Courts May Use Discretion in SLAPP Atorney Fees
Trial judges may use their discretion in determining whether to award attorney fees to SLAPP suit defendants if the plaintiff voluntarily dismisses the case while the anti-SLAPP motion to strike is pending, the Fourth District Court of Appeal has ruled.
In making the ruling, Division 2 of the Fourth District rejected the argument that defendant's attorneys should be either automatically entitled to or automatically precluded from receiving such fees.
The term "SLAPP" suit - the acronym stands for "strategic lawsuits against public participation" - is often used by citizen activists to refer to punitive lawsuits filed by developers and others to discourage citizen activism. (For background, see CP&DR, November 1990.) The law permits a special motion to strike a cause of action that is found by the court to be a SLAPP suit.
Many SLAPP suits have a land-use connection - as when a developer sues a citizen or citizen group in retaliation for opposing a development project. In most cases, appellate courts have upheld broad use of the SLAPP motion to strike, which is contained in Code of Civil Procedure §425.16. Though attorneys fees to SLAPP defendants have been granted, appellate justices in another recent case awarded such fees for the first time to a public agency. (See related story on Mission Oaks Ranch, Ltd. v. County of Santa Barbara.)
The current case had nothing to do with land use or real estate development. The case involved several tenants in the Victory Apartments in downtown Riverside, led by Kim Shewalter. The tenants claimed that the apartment complex was noisy, violent, and dangerous, and that these problems only increased after the apartment complex was taken over in 1995 by Darlene Coltrain and her son, Arthur. The murder of a reputed gang member and drug dealer in October of 1995 led tenants to move forward with a nuisance abatement action against the Coltrains in small claims court.
In November of 1995, they made a demand for payment from the Coltrains in connection with specific incidents, a necessary pre-condition to going to small claims court. This action attracted the attention of the local newspaper, and several tenants, including Shewalter, complained about the situation. After the small claims action was filed in February of 1996, the Coltrains filed a lawsuit alleging trade libel and defamation - but only against the nine tenants who filed the small claims action, not against any other tenants. The Coltrains sought $250,000 in compensatory damages and $1 million in punitive damages.
The tenants filed a motion to strike under the anti-SLAPP law, but the Coltrains voluntarily dismissed their complaint 10 days later. Subsequently, the tenants' attorneys, Mark Goldowitz and Jason Walsh, asked for attorney fees under the anti-SLAPP law totaling some $75,000. The trial court awarded attorneys fees of $73,000, and the Coltrains appealed, arguing that because the case had been voluntarily dismissed by the plaintiff, the defendant had not "prevailed" and therefore could not be awarded attorney fees.

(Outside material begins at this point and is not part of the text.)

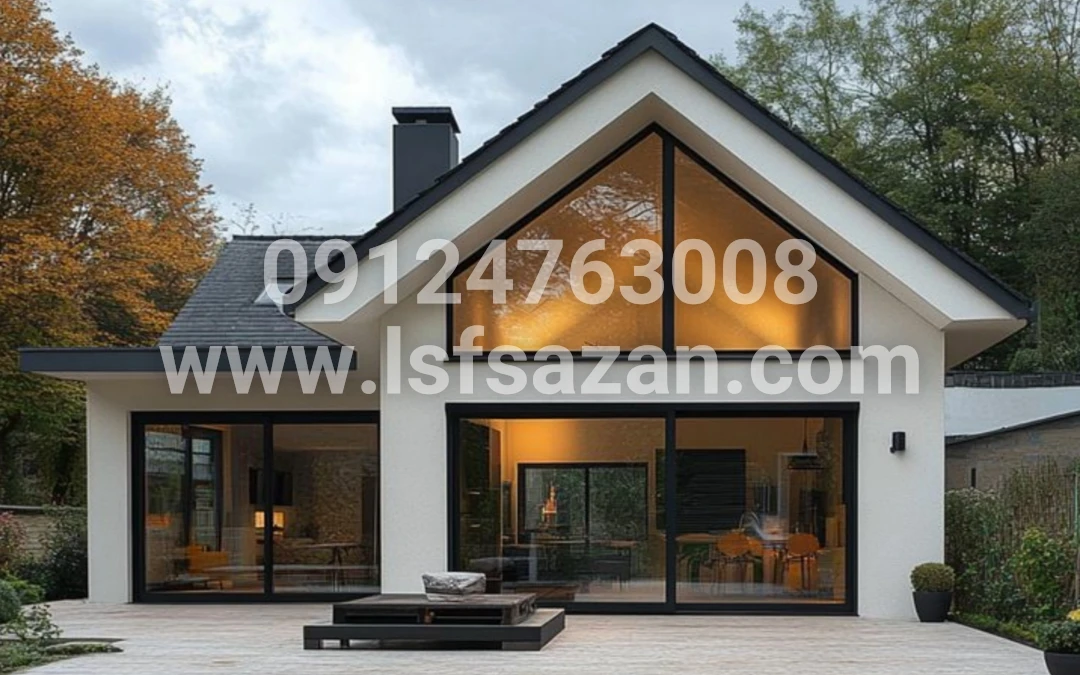 طراحی مدرن در ویلای پیش ساخته با استفاده از متریال سبک. نماهای شفاف و پلان‌های باز به دست می‌آید. نکات عملی:

"Certainly," the appellate court wrote, "[the policies behind the SLAPP statute] do not support defendants' contention that a voluntary dismissal while a special motion to strike is pending should automatically entitle a defendant to attorney's fees. Otherwise, SLAPP plaintiffs could achieve most of their objective with little risk - by filing a SLAPP suit, forcing the defendants to incur the effort and expense of preparing a special motion to strike, then dismissing the action without prejudice."
At the same time, the court added, "these policies likewise do not support defendants contention that a voluntary dismissal while a special motion to strike is pending should automatically entitle a defendant to attorney's fees."
"We conclude," the court added, "that where the plaintiff voluntarily dismisses an alleged SLAPP suit while a special motion to strike is pending, the trial court has discretion to determine whether the defendant is the prevailing party for the purposes of attorney's fees."
In an unpublished portion of the ruling, the court rejected the Coltrains' claim that attorneys fees should not have been awarded because the tenants' statements did not deal with a public issue. The tenants' concerns, the court said, do involve a public issue.
The Case:
Coltrain v. Shewalter, No. E019258, 98 Daily Journal D.A.R. 8939 (filed August 17, 1998).